Here is a photo of some of my fellow poets at the fabulous evening mentioned bellow. Here you can see Simon William, Susan Taylor, Clive Pig, Kristina Bieganski, Tim King, James Turner and Jackie Juno. Clive and Jackie being the two headed Bard of Exeter for this coming year and Simon and Susan both having been heavily involved with the Arvon foundation. We were all part of a selection of workshops brought about by Apples and Snakes and held in the Barbican Theatre, we were blessed to have been taught by the fabulously crisp and clear Lucy English and for our final workshop Francesca Beard for final tips on how too survive the stage. The set of workshops culminated in this gig at the B-bar, Barbican Theatre, Plymouth.
The Beautful Bar at the Barbican
The evening was amazing, as a group it would be fair to say that we had truly been on a journey together walking beside each other, the more experienced as mentioned above and the Virgin performers and anything in between from seasoned Open Mic-ers to my self - a patchy participator in which ever scene i find myself near to on my travels.
The night was opened by an apparently spontaneous argument beginning in the audience, however, just before the British silent panic grew, it became clear that it was actually orchestrated by Clive Pig as the opening to his piece 'Poetry is not a Four Letter Word'. Exploding out from the audience Clive began his "verbal tirade on the anti-poetry brigade" leaving the audience in no doubt that the poetry they were about to hear that evening was going to be exciting and varied.
After this outburst we were guided through the evening by the wonderful Mama Tokus resident compere at the Barbican Theatre who had also been being Kindled as a performance poet, she shared with us her exuberant and lively poem about the Marchesa Luisa Casati.
Jackie Juno and Mama Tokus
There were four poets in each section with a refreshing 10minute break between each section, the organisation at the Barbican is top notch and I believe we have the Apples and Snakes co-ordinator for our area, Gina Sherman, to thank for that as well as the other staff at the Barbican. I think it's really important to recognise how much attention it takes to listen to poetry properly and those 10 minute breaks make all the difference for both performers and audience.

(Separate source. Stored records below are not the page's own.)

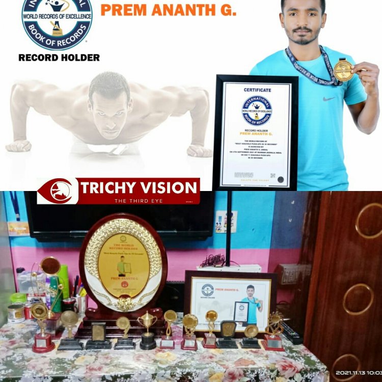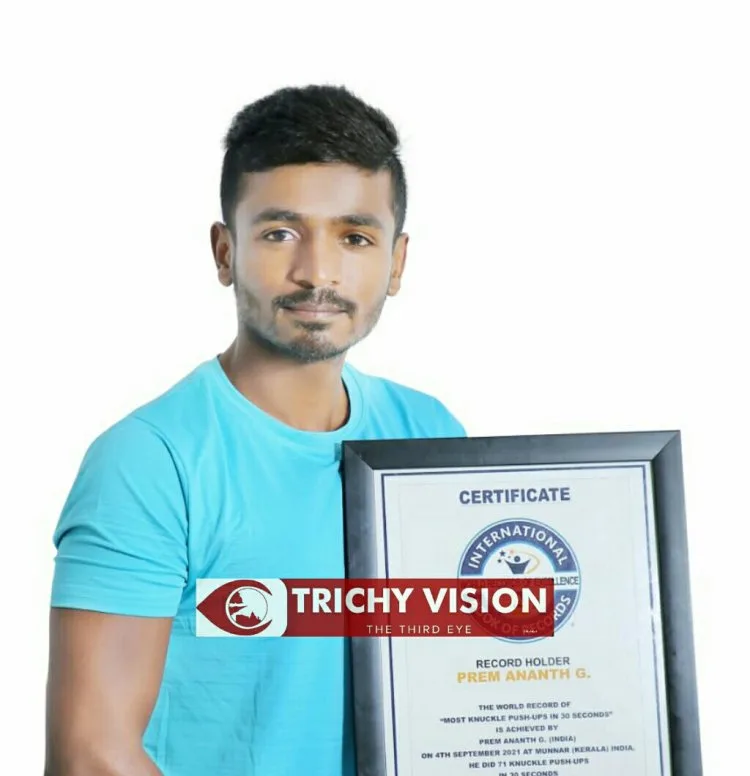 திருச்சியில் கல்லுக்குழி ரயில்வே மைதானத்தில் தடகள விளையாட்டு பயிற்ச்சியாளர்கள் முனியாண்டி மற்றும் சுரேஷ்பாபு அவர்களிடம் விளையாட்டு பயிற்சி பெற்ற தடகள விளையாட்டு வீரர் G.பிரேம் ஆனந்த் கேரளா மாநிலம் கொச்சியில் 30 நொடிகளில் 71 நக்கல் புஷ்அப் சாதனன செய்து International book of world record சாதனை புத்தகத்தில் இடம் பெற்றுள்ளார்.
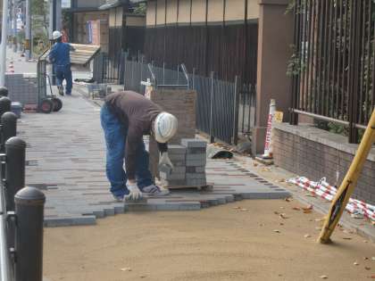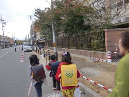 学校の前の歩道は工事が始まりましたので通れません。子どもたちの下校は一定区間車道を歩くことになりますが,コーンを置いてガードマンさんも立ってくださっています。
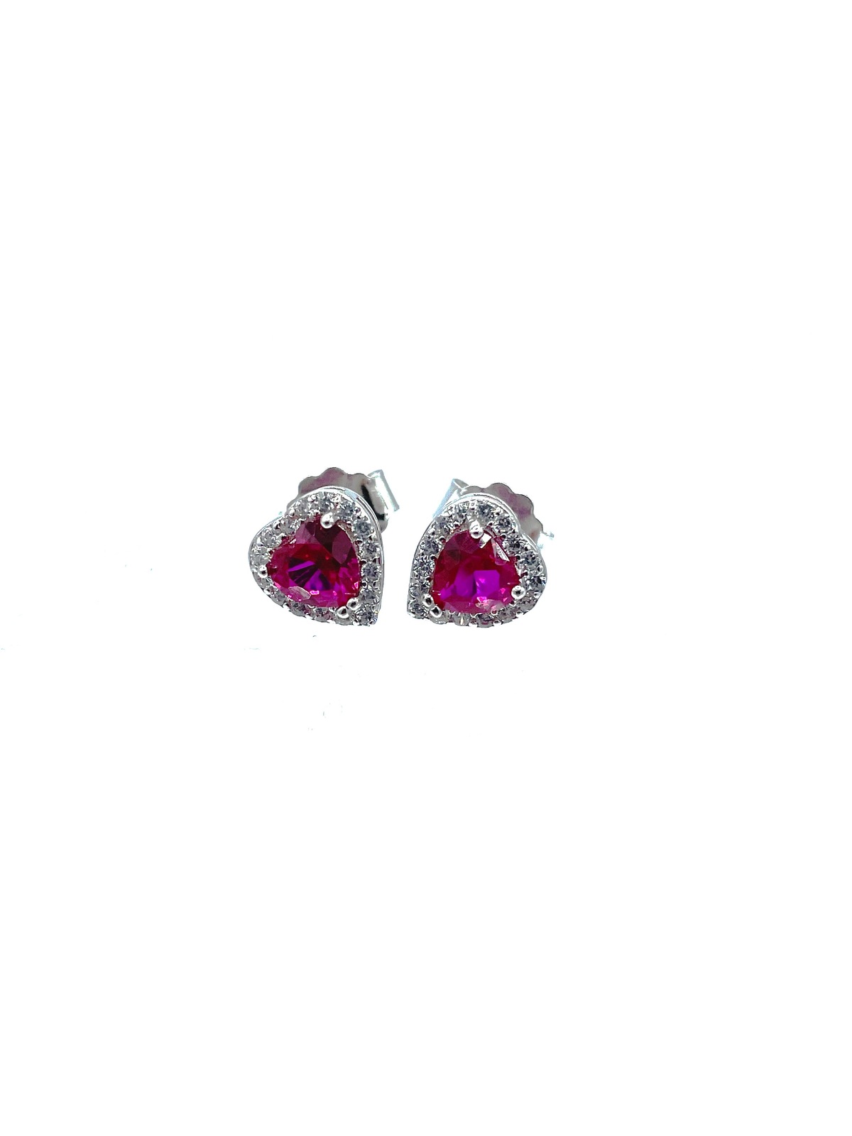 Orecchini in argento tit. 925m. con pietra a forma di cuore contornata da zirconi.

On to the other poets - every poet held their own space on the stage drawing around them selves their own special air, each poet reading only one poem meant the change-overs were fast and the selection diverse. There were poems about Essex girls teaching astro-physics, the diversity and togetherness found in a chip shop queue, beautiful friends in memorandum with exquisite cello backings. One poem contained thoughts on the large hadron collider, bits of folk music, funny info on ancient folk lyrics, the benefits, or lack of, in eating Ivy, we had some MCing from MCMC that flowed into some impressive free-styling. We had intimate and revealing poems about the power of friendship versus the sway of drug addiction, one about the nature of trying to capture a poem, another of 10 things about the poet, one of a poets ideal world and the final poem from Jackie Juno about the magic of birth hilariously punctuated with "bovine screams and lupine howls".
MCMC and myself
An all in all wonderful night and i would like to thank Apples and Snakes and the Barbican Theatre for making it all possible and i would like to thank my fellow poets all for being so wonderfully talented and fun to metaphorically travel with.